● Exercise requirements:
Your output must be the lines below from the line containing "2017年寒假工作人员安排" to the line containing "Starting with a", both lines included, reproduced exactly and without pictures.

----------------------------------------

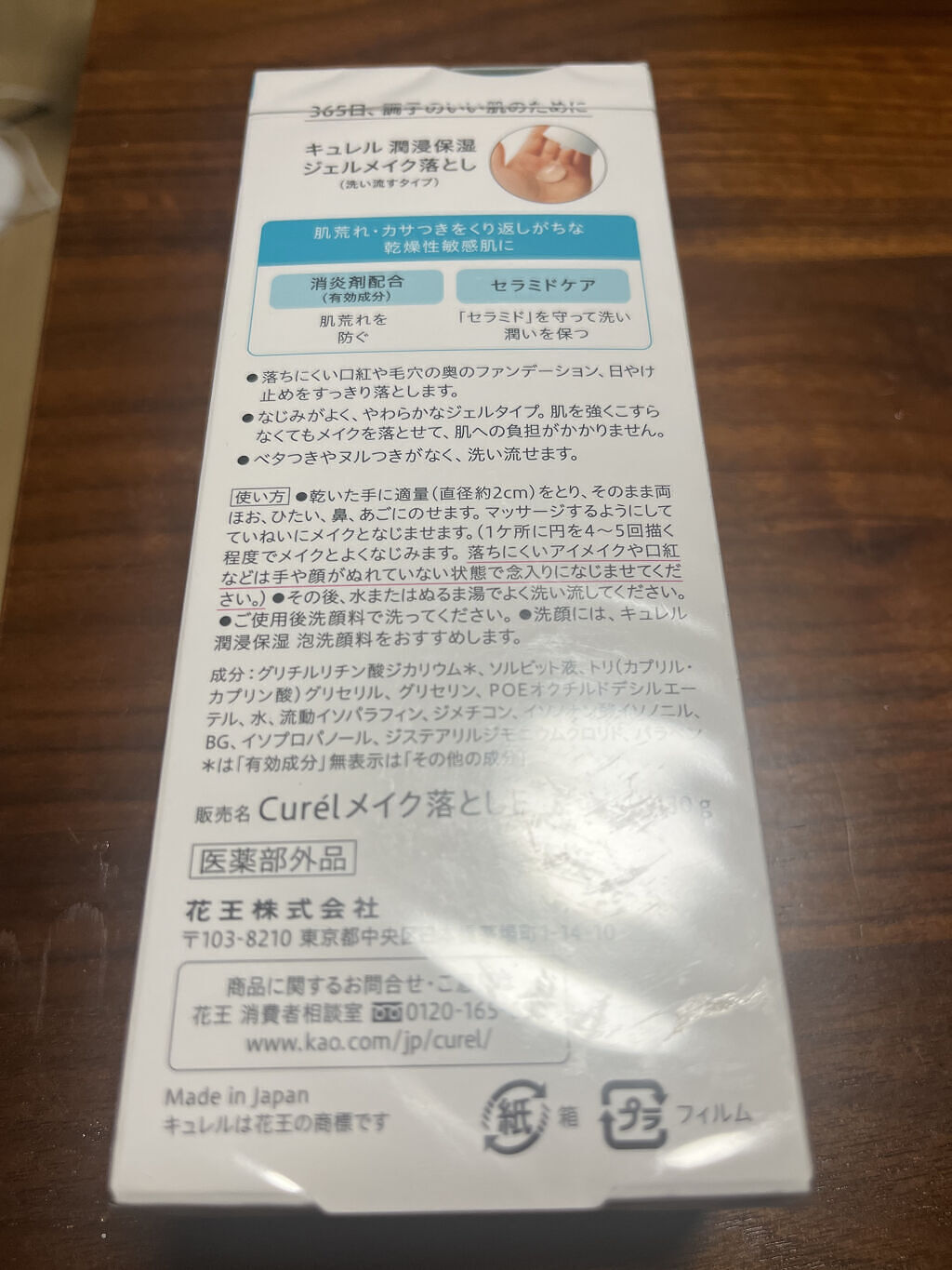 - 【敏感肌用】 ○肌の必須成分「セラミド」を守って洗い、肌荒れしにくい潤い肌に保ちます。 ○落ちにくい口紅や毛穴に詰まったファンデーションをすっきりと落とします。 ○なじみがよく、やわらかなジェルタイプ。肌を強くこすらなくてもメイクを落とせて、肌への負担が少ない使い心地です。 ○ベタつきやヌルつきがなく、洗い流せます。 ○消炎剤(有効成分)配合。肌荒れを防ぎます。(医薬部外品) 商品に関するお問い合わせ 受付時間9:00~17:00(土曜・日曜・祝日除く) *製品の誤飲・誤食など緊急の場合は、受付時間外でもお電話ください キュレル:0120-165-698
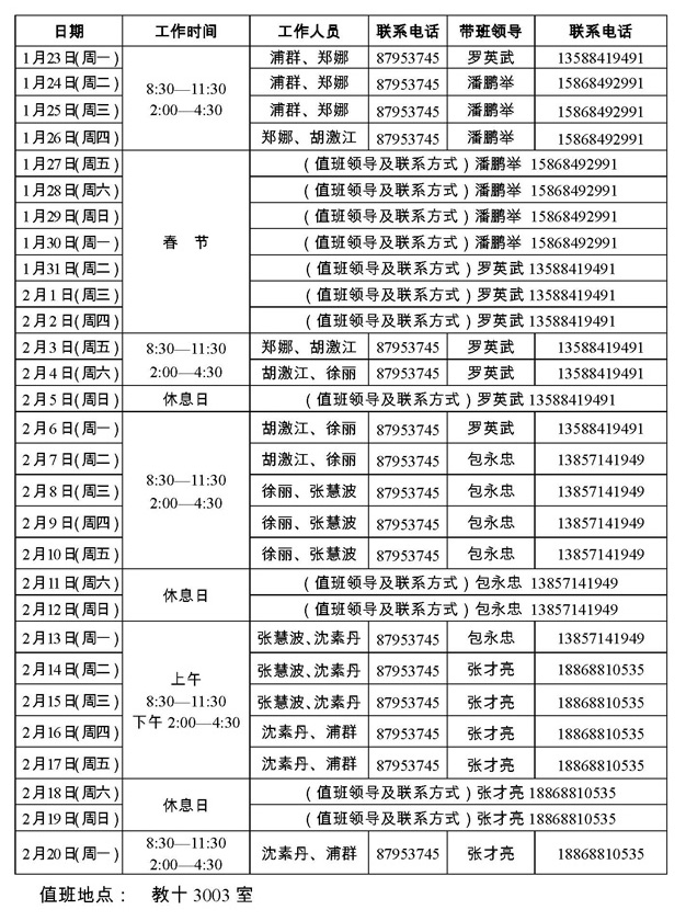 2017年寒假工作人员安排
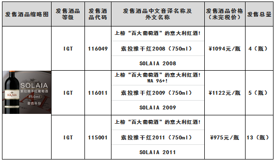 根据《索拉雅干红2008(750ml)索拉雅干红2009(750ml)索拉雅干红2011(750ml)布鲁诺托巴罗洛干红2011(750ml)酒品发售公告》,本次布鲁诺托巴罗洛干红2011(750ml)-酒品代码:215131酒品截止于8月31日15时55分发售结束。
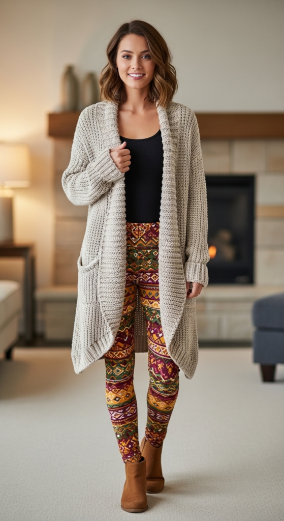 Starting with a long cardigan in a soft knit, this outfit offers an inviting and cozy aesthetic. The cardigan drapes beautifully, creating a relaxed silhouette that pairs well with patterned leggings, which add a fun twist to the ensemble. The combination of textures and patterns creates visual interest while ensuring comfort and ease of movement.
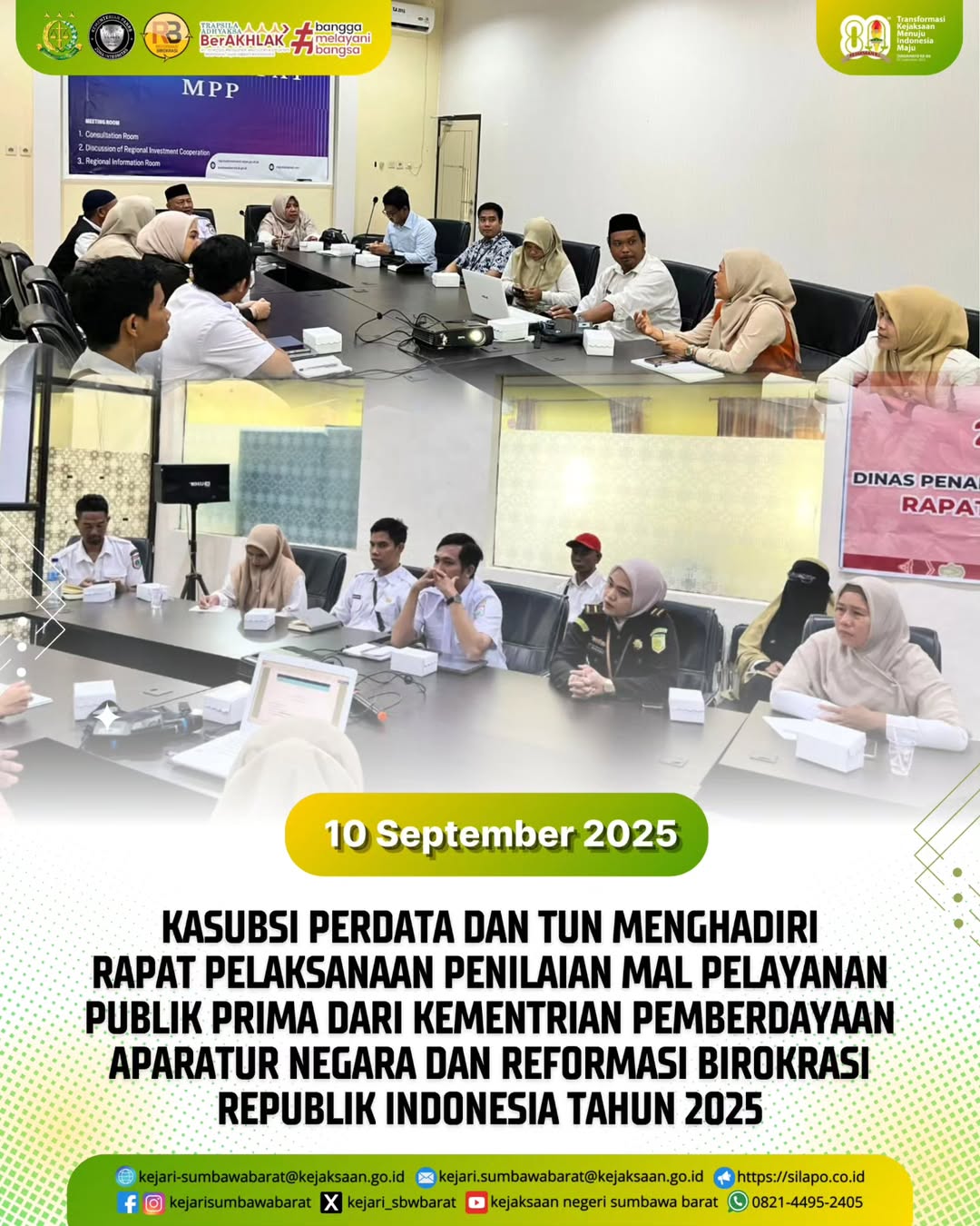 Pada hari Rabu, 10 September 2025. Kepala Kejaksaan Negeri Sumbawa Barat dalam hal ini diwakili oleh Kasubsi Perdata dan TUN Ridha Rachmawati, S.H, menghadiri Rapat terkait Pelaksanaan penilaian Mal Pelayanan Publik Prima di masing-masing Kabupaten/kota dari Kementrian Pemberdayaan Aparatur Negara dan Reformasi Birokrasi Republik Indonesia Tahun 2025 yang berlokasi di Mal Pelayanan Publik/Dinas Penanaman Modal dan Pelayanan Terpadu Satu Pintu Kabupaten Sumbawa Barat. Kegiatan ini guna mengevaluasi kinerja dari Mal Pelayanan Publik dan meminta Setiap gerai pelayanan pada Mall Pelayanan Publik di kabupaten/kota se-Provinsi Nusa Tenggara Barat wajib melakukan pengisian…

----------------------------------------

● Task answer:
 2017年寒假工作人员安排
 根据《索拉雅干红2008(750ml)索拉雅干红2009(750ml)索拉雅干红2011(750ml)布鲁诺托巴罗洛干红2011(750ml)酒品发售公告》,本次布鲁诺托巴罗洛干红2011(750ml)-酒品代码:215131酒品截止于8月31日15时55分发售结束。
 Starting with a long cardigan in a soft knit, this outfit offers an inviting and cozy aesthetic. The cardigan drapes beautifully, creating a relaxed silhouette that pairs well with patterned leggings, which add a fun twist to the ensemble. The combination of textures and patterns creates visual interest while ensuring comfort and ease of movement.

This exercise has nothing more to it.